Of course, a single-step optimal solution might overfit the current batch of training data. To avoid this, an improved approach is to perform an EMA (Exponential Moving Average) between the current batch's optimal solution and historical solutions. Note that we must still be careful of the "information leakage" trap: use the old $\beta$ to activate experts first, then update $\beta$.
The algorithm flow is as follows (with $\lambda=0.9$ in the author's experiments):
Quantile Balancing (QB) Dynamic Activation Version
Input: Score matrix $\boldsymbol{s}\in\mathbb{R}^{m\times n}$, previous step $\boldsymbol{\beta}\in\mathbb{R}^n$, decay rate $\lambda$
Output: Allocation scheme $\boldsymbol{x}\in\{0,1\}^{m\times n}$, new $\boldsymbol{\beta}\in\mathbb{R}^n$
1: $x_{i,j}=1$ if $s_{i,j} - \beta_j > 0$ else $0$
2: $\boldsymbol{\beta} \leftarrow \lambda\boldsymbol{\beta} + (1-\lambda)\text{des\_sort}(\boldsymbol{s}, \text{axis=0})_{[mk/n:mk/n+1]}$
3: Output $\boldsymbol{x}, \boldsymbol{\beta}$
|
In practice, finding the $1-k/n$ quantile of $\boldsymbol{s}$ can be expensive as it requires finding the $(mk/n+1)$-th largest element among $m$ elements, where $m$ equals "global samples $\times$ sequence length." Due to parallel strategies and gradient accumulation, exact implementation is often unacceptable. Thus, we use a compromise: divide samples into the largest acceptable mini-batches, calculate $\boldsymbol{\beta}$ for each mini-batch, and average them as the final result.
Expert Choice
Actually, there is a very simple way to understand this dynamic QB: "**Expert Choice**":
If you want each expert to be activated exactly $mk/n$ times, why not let the experts choose the tokens? That is, each expert selects its Top-$mk/n$ tokens. Isn't this just finding the $mk/n$ largest elements along $\text{axis=0}$?
However, naive Expert Choice has a fatal flaw: it requires comparing all tokens globally, leading to cross-sample and cross-sequence selection.
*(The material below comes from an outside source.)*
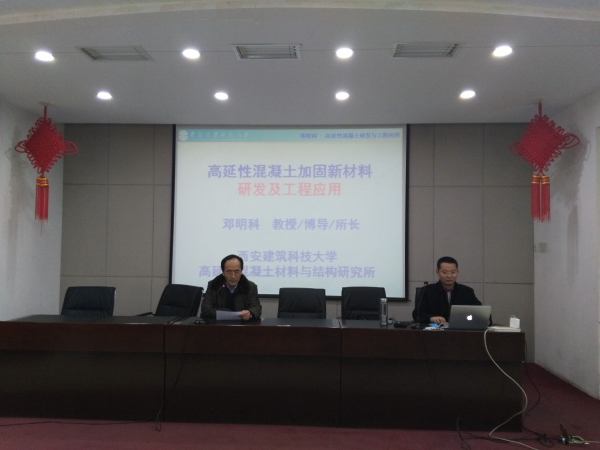 应学院的邀请,2017年12月14日下午2:30,西安建筑科技大学邓明科教授来77779193永利官网进行学术交流,在学院五层会议室做了题为“高延性混凝土基本理论及工程应用”的学术讲座,此为“建工讲坛第48讲”,由院长雷宏刚教授主持,土木系师生100余人聆听了此次讲座。
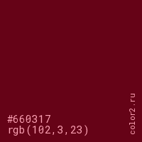 Цвет #660317 в цветовой модели RGB обозначается тремя октетами (102, 3, 23) в десятичном формате и #660317 в шестнадцатиричном (hex) формате, которые являются интенсивностью красного 102 (hex 66), интенсивность зелёного 3 (hex 03) и интенсивность синего 23 (hex 17).

This violates causality (seeing future information during training) and breaks training-inference consistency (inference results depend on batch size). This is why the method has struggled to gain traction previously.
The ingenuity of this article lies in transforming it into a Bias form: using the $(mk/n+1)$-th largest element (equivalent to the $1-k/n$ quantile) of each expert as a threshold $\boldsymbol{\beta}$. We reformulate Expert Choice as Token Choice—from "Expert selects Top-$mk/n$" to "Activate if $s_{i,j} - \beta_j > 0$". Crucially, by delaying the update of $\boldsymbol{\beta}$ until after the activation decision, we perfectly avoid the information leakage problem.
It is surprising that this Bias form, which fixes the flaws of Expert Choice, is naturally contained within the dual problem of the original linear programming—it has a truly pleasing aesthetic quality.
Initialization Strategy
To prevent information leakage during training, we must use the old $\boldsymbol{\beta}$ to decide activation first, then update $\boldsymbol{\beta}$. This makes the first few training steps sensitive to the initialization of $\boldsymbol{\beta}$. For instance, if $\boldsymbol{s}$ is all positive but $\boldsymbol{\beta}$ is initialized to zero, every token will activate every expert in the first step, causing computation to explode.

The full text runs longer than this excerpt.